Kimi K2's agentic design enables applications such as autonomous data analysis, end-to-end web development, project planning, and interactive information retrieval. For example, it can analyze structured datasets, generate statistical summaries, and create visualizations as part of a data science workflow. In coding automation, Kimi K2 can iteratively edit files, run commands, debug, and capture logs within development environments, supporting software engineering tasks such as JavaScript development or project scaffolding.

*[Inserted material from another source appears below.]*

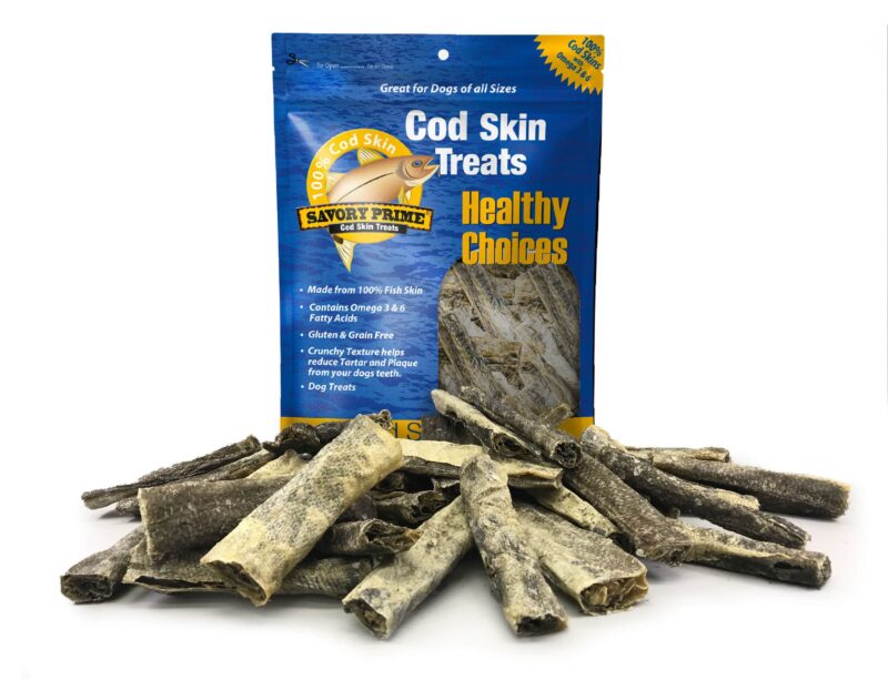 Our Cod Skin Treats are made from wild caught Pacific and Atlantic Cod. Our Cod Skin Treats have natural omegas, essential oils and nutrients; our treats promote healthy skin, coat, heart, and overall health of your dog. No preservatives or artificial ingredients.Specifications
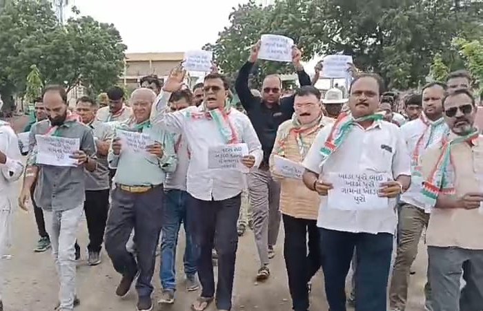 હાથમાં બેનર લઈને આવેલા કાર્યકર્તાઓએ નગરપાલિકા કચેરી સામે “સાવરકુંડલા નગરપાલિકાના ટેક્સ માફ કરો” અને “ખાડા પૂરો” જેવા સૂત્રોચ્ચાર કરીને હલ્લાબોલ કર્યો હતો.

The agentic pipeline includes rubric-driven evaluation, tool definition parsing, and an inference engine capable of supporting native tool invocation. This infrastructure allows for integration in domains where multi-tool composition and adaptive problem-solving are needed, without requiring bespoke workflow orchestration.
Limitations and Future Development
Despite its capabilities, Kimi K2 presents several known limitations. Challenges can occur in tasks involving ambiguous tool definitions or high-complexity reasoning, where the model may generate excessive tokens or deliver incomplete outputs. Tool-enabled performance may also degrade for certain use cases compared to agentic frameworks designed for extended, interactive sessions.
While Kimi K2's context management is functional, its current iteration does not support computer vision or multimodal tasks, though these features are identified for future versions. For large-scale software engineering or multi-stage project builds, performance is maximized within structured, multi-turn agentic frameworks rather than single-shot prompt completions.
Kimi K2 was open-sourced by Moonshot AI in 2025, with continued updates to its tokenizer, system prompts, and chat templates to improve both usability and robustness. Its checkpoints are distributed in block-fp8 format and optimized for compatibility with popular inference engines such as vLLM, SGLang, KTransformers, and TensorRT-LLM.
Adhering to the Modified MIT License, Kimi K2 encourages community-driven innovation in large-scale language and agentic model research.